> **Task requirements**
What you write should match, word for word, the lines from the one containing "Step 3: If the" through the end of the data, with no pictures.

> **Recorded data**
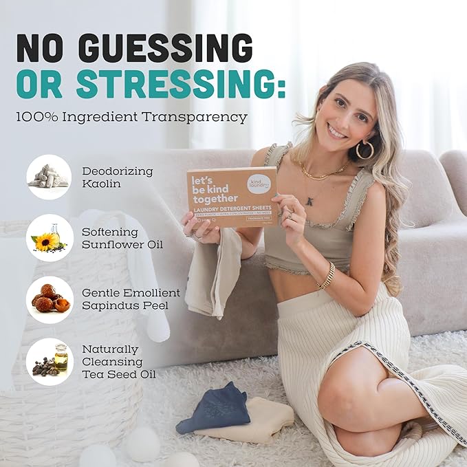 • Provides Strong Cleaning Power - Tackle tough stains with Kind Laundry’s ultra-concentrated laundry detergent sheets! Our laundry sheet is made with a proprietary formula of tea seed oil and powerful plant-based surfactants–no unnecessary fillers and harmful chemicals included.
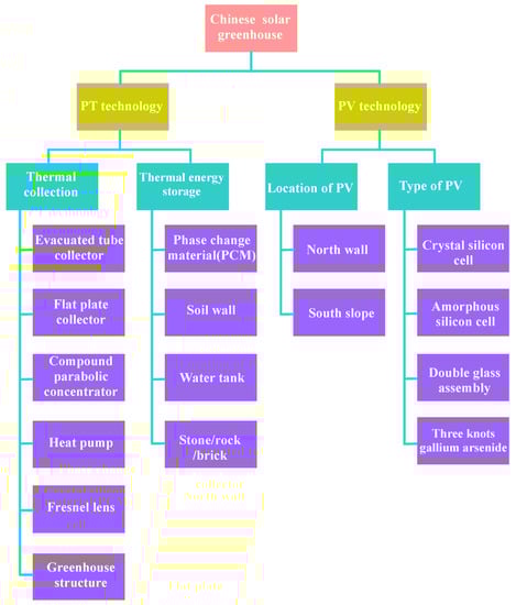 Classification of photothermal and photovoltaic technology for a Chinese solar greenhouse.
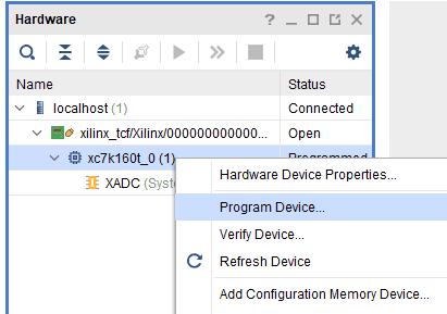 Step 3: If the device is successfully detected, then right-click on the “xc7k160t_0”. Select “Program Device” as shown below.
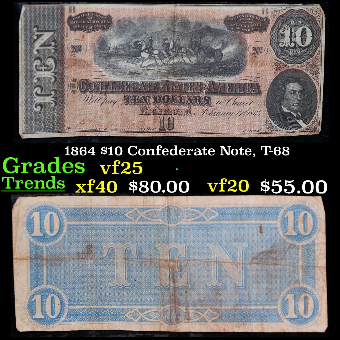 1864 $10 Confederate Note, T-68 Grades vf+

> **Answer box**
 Step 3: If the device is successfully detected, then right-click on the “xc7k160t_0”. Select “Program Device” as shown below.
 1864 $10 Confederate Note, T-68 Grades vf+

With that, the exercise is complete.